[Collection entries]
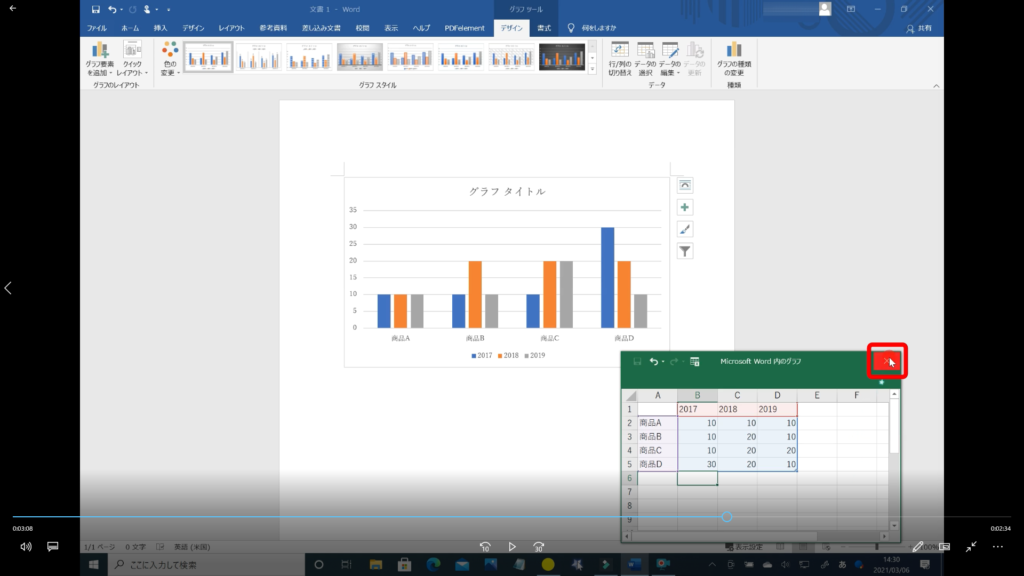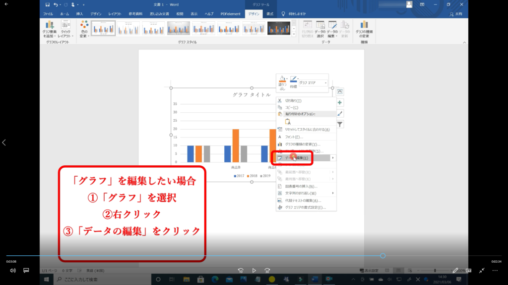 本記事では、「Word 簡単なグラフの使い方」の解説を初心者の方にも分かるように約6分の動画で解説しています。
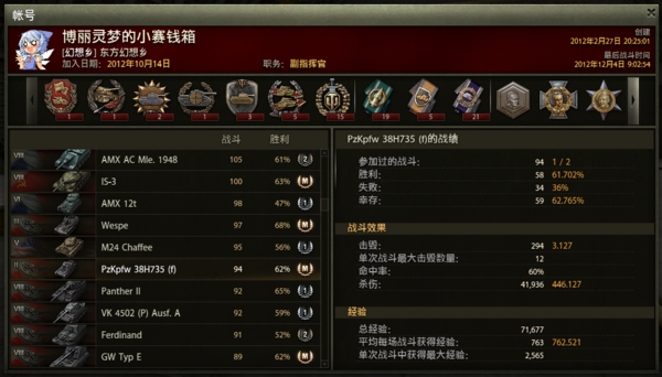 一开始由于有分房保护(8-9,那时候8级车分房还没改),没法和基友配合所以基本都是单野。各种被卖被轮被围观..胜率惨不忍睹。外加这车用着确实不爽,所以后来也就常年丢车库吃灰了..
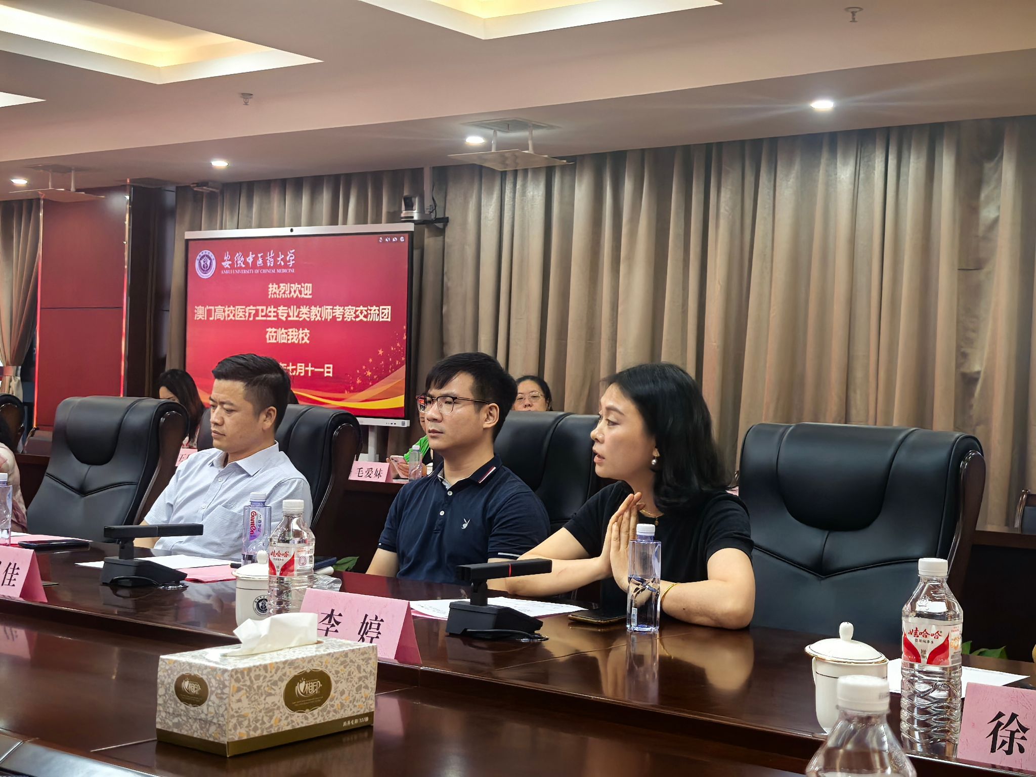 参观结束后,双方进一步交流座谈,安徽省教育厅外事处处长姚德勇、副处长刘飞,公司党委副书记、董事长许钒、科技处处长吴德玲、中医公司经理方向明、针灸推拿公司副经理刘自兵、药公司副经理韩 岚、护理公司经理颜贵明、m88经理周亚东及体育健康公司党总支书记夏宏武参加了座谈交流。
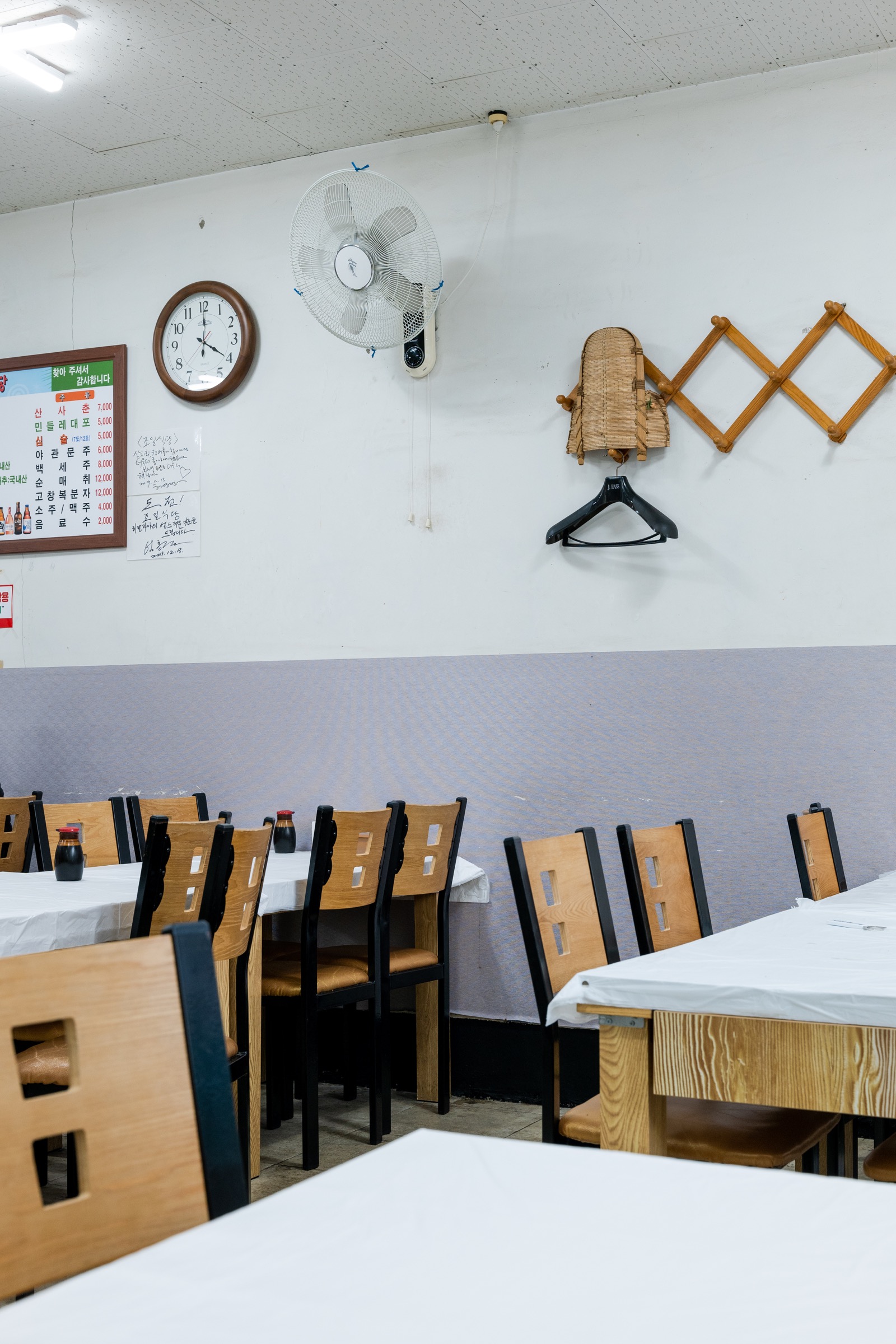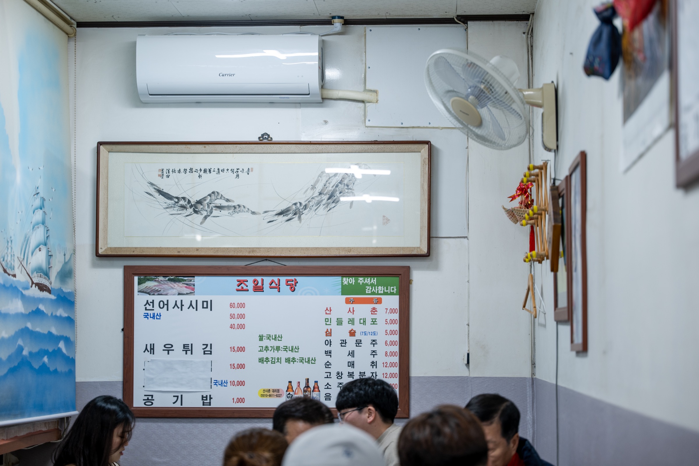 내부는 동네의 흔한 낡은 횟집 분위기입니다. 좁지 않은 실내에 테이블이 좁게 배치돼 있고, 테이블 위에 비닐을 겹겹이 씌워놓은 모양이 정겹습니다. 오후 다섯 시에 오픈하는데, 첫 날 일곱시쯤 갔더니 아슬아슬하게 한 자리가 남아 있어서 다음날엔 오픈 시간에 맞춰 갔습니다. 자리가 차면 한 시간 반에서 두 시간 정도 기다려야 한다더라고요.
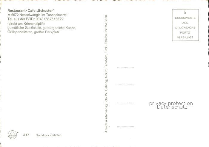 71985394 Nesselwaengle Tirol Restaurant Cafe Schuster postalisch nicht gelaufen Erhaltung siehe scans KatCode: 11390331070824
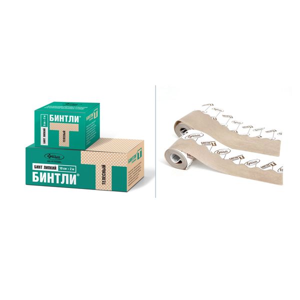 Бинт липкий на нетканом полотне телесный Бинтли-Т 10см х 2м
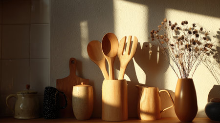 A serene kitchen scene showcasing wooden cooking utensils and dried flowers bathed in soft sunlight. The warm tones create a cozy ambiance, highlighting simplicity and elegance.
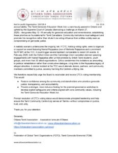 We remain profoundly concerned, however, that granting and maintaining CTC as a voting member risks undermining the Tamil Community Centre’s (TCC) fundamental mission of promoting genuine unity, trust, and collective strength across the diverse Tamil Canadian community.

Activity =>
Once you find the line containing "71985394 Nesselwaengle Tirol", retype it and every line after it through the last line of the records above, exactly. Add nothing else, and leave out the pictures.

Completed task =>
 71985394 Nesselwaengle Tirol Restaurant Cafe Schuster postalisch nicht gelaufen Erhaltung siehe scans KatCode: 11390331070824
 Бинт липкий на нетканом полотне телесный Бинтли-Т 10см х 2м
 A serene kitchen scene showcasing wooden cooking utensils and dried flowers bathed in soft sunlight. The warm tones create a cozy ambiance, highlighting simplicity and elegance.
 We remain profoundly concerned, however, that granting and maintaining CTC as a voting member risks undermining the Tamil Community Centre’s (TCC) fundamental mission of promoting genuine unity, trust, and collective strength across the diverse Tamil Canadian community.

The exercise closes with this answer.